同じようにつくし公園というのがありますので、こちらも、今この事業には入れていませんけれども、古くなってきているので、鷺山と同じように、こういったものもリニューアルして、一体的にやはり地域のコミュニティの拠点にしていくということが大事でありますし、自動運転の実証実験も重ねていっていますけれども、こういったいわゆる新しい技術と公共交通、市民の皆さんの移動という観点でも、こういった超高齢社会を象徴するような地域のコミュニティをどう守っていくかとか、暮らしを守っていくかというところは、今回かなり私の中では力点を置いておりますので、それが3つ目と言われると、そうかなと思っております。
【記者】
財政の方ですが、今回投資的経費、公共事業費ですと、かなりマイナスとなったという印象なのですが、これは社会保障関係費がかなり膨らんだとか、いろいろな要因があると思うのですけれども、市長としては今回の数字については、どのような印象を持っていらっしゃいますか。
【市長】
令和5年度のところも1回凹んでいるのですけれども、大きく工事に着手していくと、予算がどんどん掛かるし、手続きとか工事が始まりましたぐらいだと、お金が掛からないので、どうしてもこういう谷間というのは起きます。

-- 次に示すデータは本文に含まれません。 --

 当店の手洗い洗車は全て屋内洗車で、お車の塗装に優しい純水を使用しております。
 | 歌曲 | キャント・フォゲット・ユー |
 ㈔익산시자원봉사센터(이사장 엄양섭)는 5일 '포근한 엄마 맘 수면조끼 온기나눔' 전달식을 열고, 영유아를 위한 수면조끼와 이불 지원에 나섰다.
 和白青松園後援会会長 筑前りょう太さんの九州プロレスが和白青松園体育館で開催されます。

ですから、令和8年度は谷間と思っていただければ、ちょうど国際会議場とか北消防署が、今年度(令和7年度)末で終わりますので、ここが続いてこないということは大きいかなと思います。
主には薬科大学のキャンパス整備とか、再開発ですけれども、今後お金かかりますので、市立新大学もそうですけれども。

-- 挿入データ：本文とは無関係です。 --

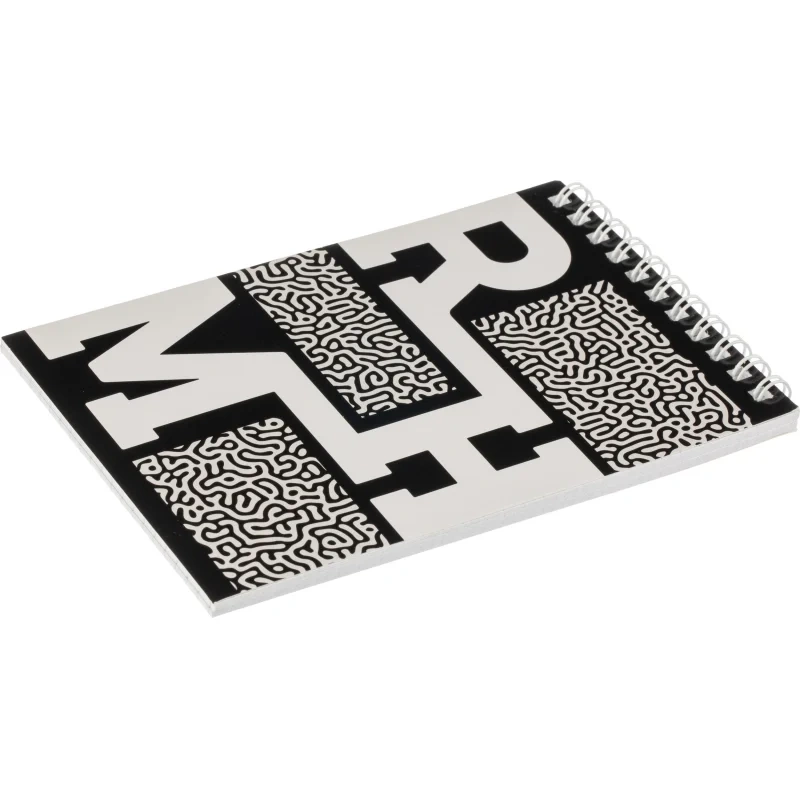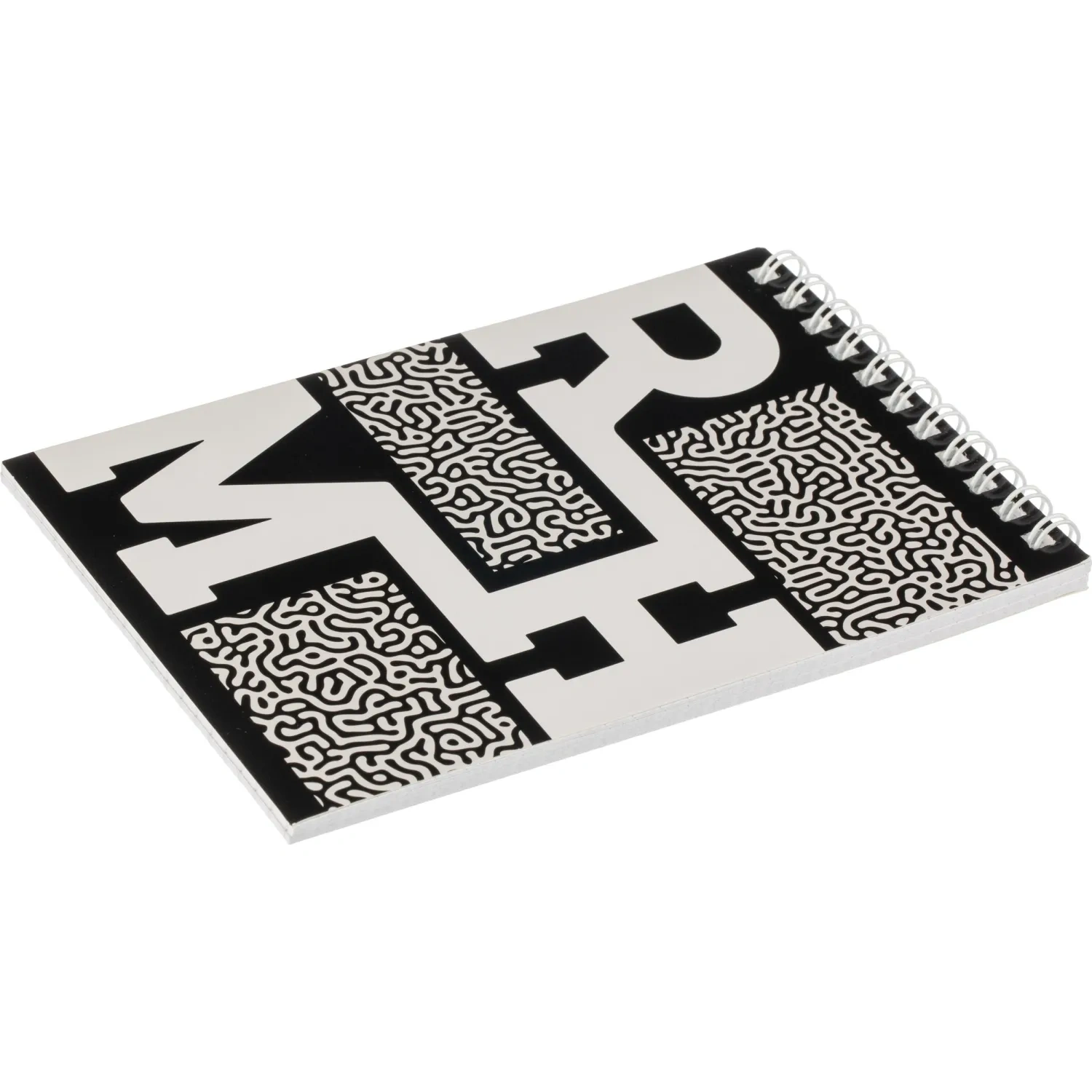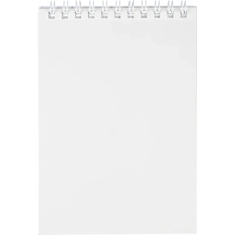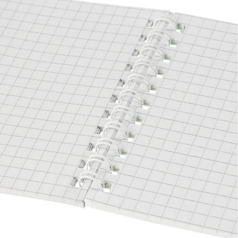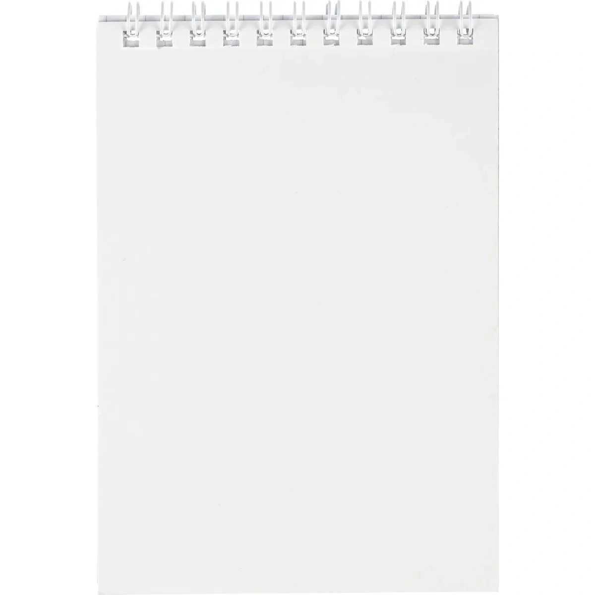 Блокнот Concept формата А6 содержит 50 листов белой офсетной бумаги в клетку. Обложка и подложка изготовлены из картона 200 г/кв.м. Печать в одну краску. Блокнот скреплен стальной спиралью сверху. Размер блокнота 146×102 мм.

ですから公共投資というのは引き続き、我々「大プロ」と言っている大型のプロジェクトは引き続きあるということなので、今回減ったから、次年度も減るということではないということです。
【記者】
今後また山が来るというようなことでしょうか。
【市長】
着実に大山が来ますので、これをどう乗り越えていくかとか、少しでも平準化をさせていって、財政をしっかりと運営していくということが大事でありますので、我々としては未来にしっかり投資をすることによって、まちの価値が高まったり、人が来てくださったり、経済が活性化するということなので、これをやらないと、逆にどんどん衰退をしていくとしたときに、必要な未来への投資だということで、これからのひと時代、しっかりと投資をしてやっていきたいという考え方です。
【記者】
今回4本柱で作られているわけなのですが、4本に共通する市長の思いですとか、今回の予算全体に見て何かキャッチフレーズというか、何か付けるものがあればお願いします。
【市長】
今年度(令和7年度)のベクトルと全く一緒でございまして、私、しょっちゅうベクトルを変えるというのもおかしな話だなと思って、ある程度一定の年数・年度を継続して、このベクトルを掲げながら、やっていこうと思っております。

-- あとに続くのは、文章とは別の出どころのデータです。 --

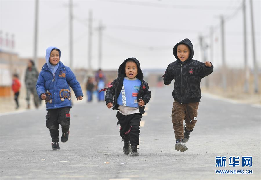 11月18日,幼儿园大班的小朋友放学后走在于田县达里雅布依乡易地扶贫搬迁安置点的硬化道路上。新华社记者 胡虎虎 摄
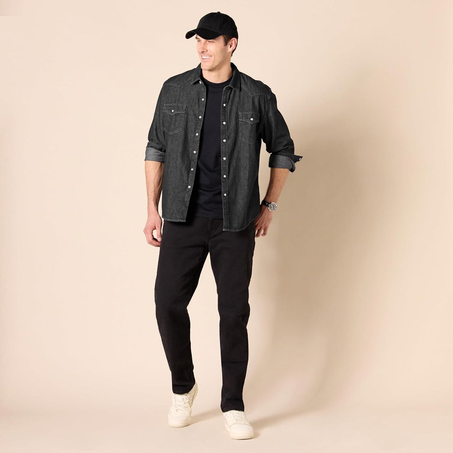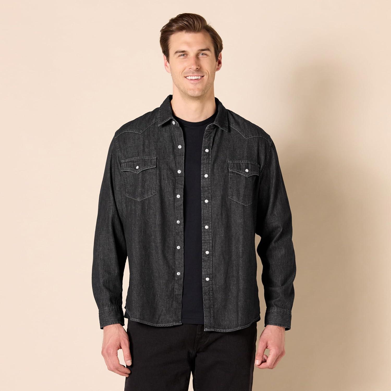 Amazon Essentials Men's Denim Shirt Long Sleeve - Regular-Fit Denim Shirt(Black)
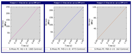 Sampling and simulation experiments are carried out at the maximum stress of deposited copper in Figure 13. The simulated load force is applied in the vertical direction, and the load force calculation formula is used as the load force to the lower end of the microcopper wire in the model; the stress change curve of the metal copper deposited during manipulation was obtained as shown in Figure 14.
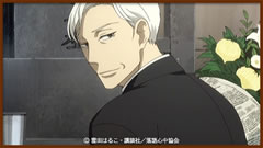 七代目八雲の墓前で手を合わせる八雲は、背後から話しかけられた松田の声に振り向くと、静かに微笑む。
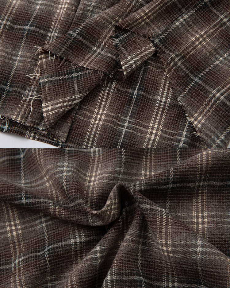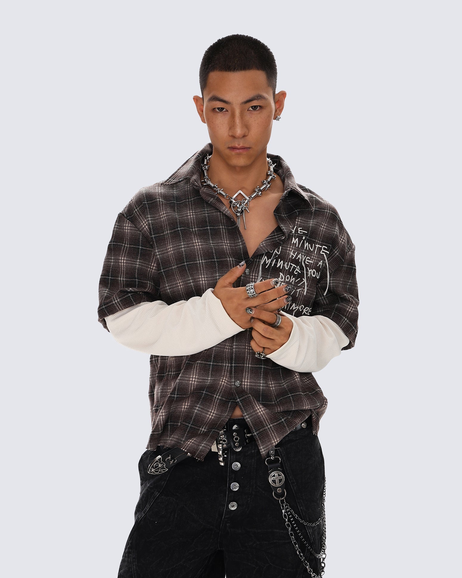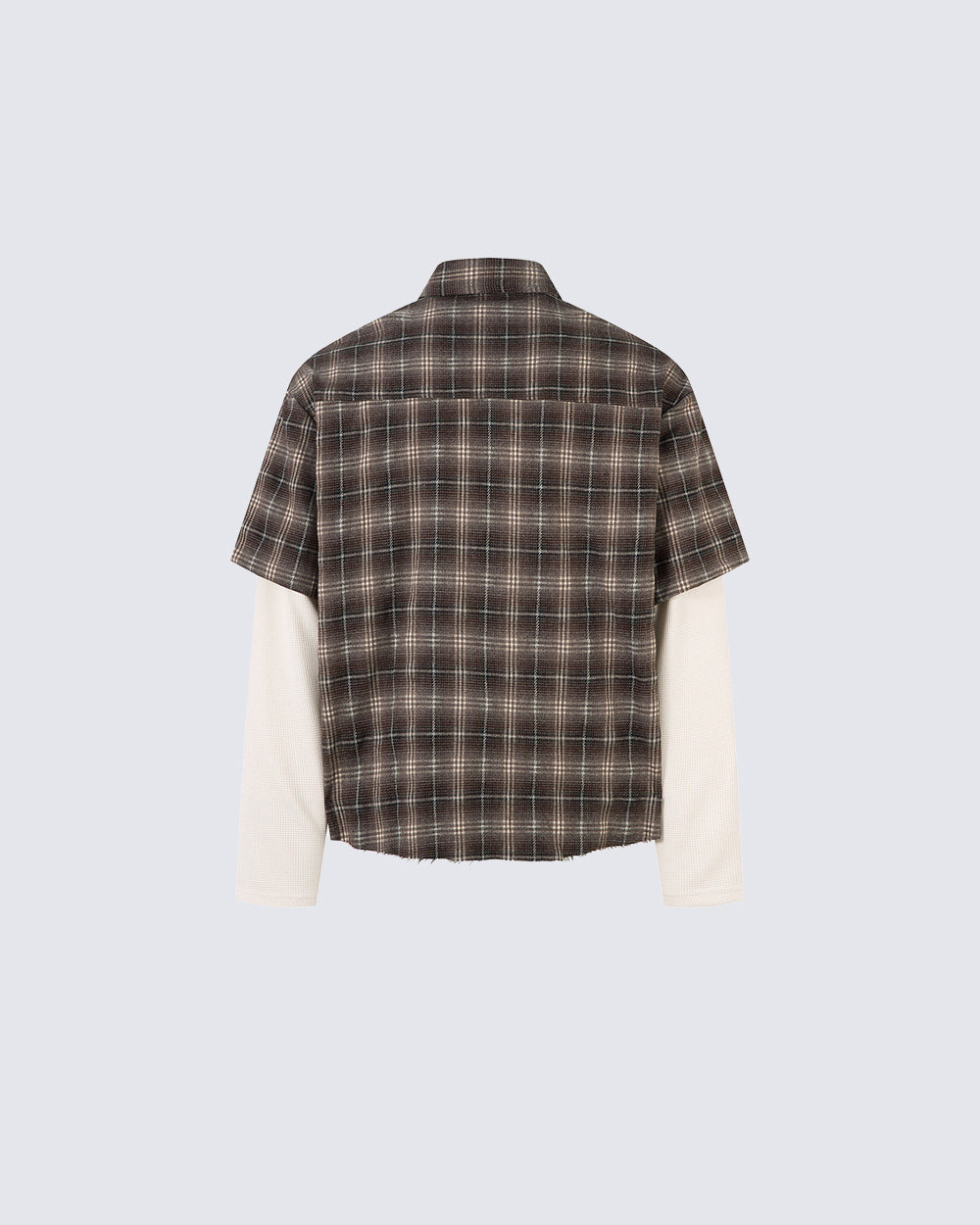 Ombre checkered pattern, faux two-piece design, relaxed fit, button-down closure, modern vintage style

やはり、大きくベースにも「市民の幸せ」と書いていますけれども、こどもファーストや経済活性化、社会基盤整備、何でこれをやっているかと言ったら、実は一言で言うとここ(持続可能で幸せな市民生活)なのですよね。
私たちのまちが持続可能で、しかもまちだけではなくて市民の皆さまの生活も持続可能であって、幸せな市民生活を送っていただくために、子どもたちの様々な成長、育ちが大事ですし、経済活性化しないとまちが豊かにならないし、社会基盤を整備して未来に投資しないと、町が衰退していくと。
だから、これらをしっかりやれば、必然的に市民の皆さんの幸せに貢献できますよということなので、一言で言えと言われると、実は持続可能で幸せな市民生活を実現するために予算編成を行っているのですということです。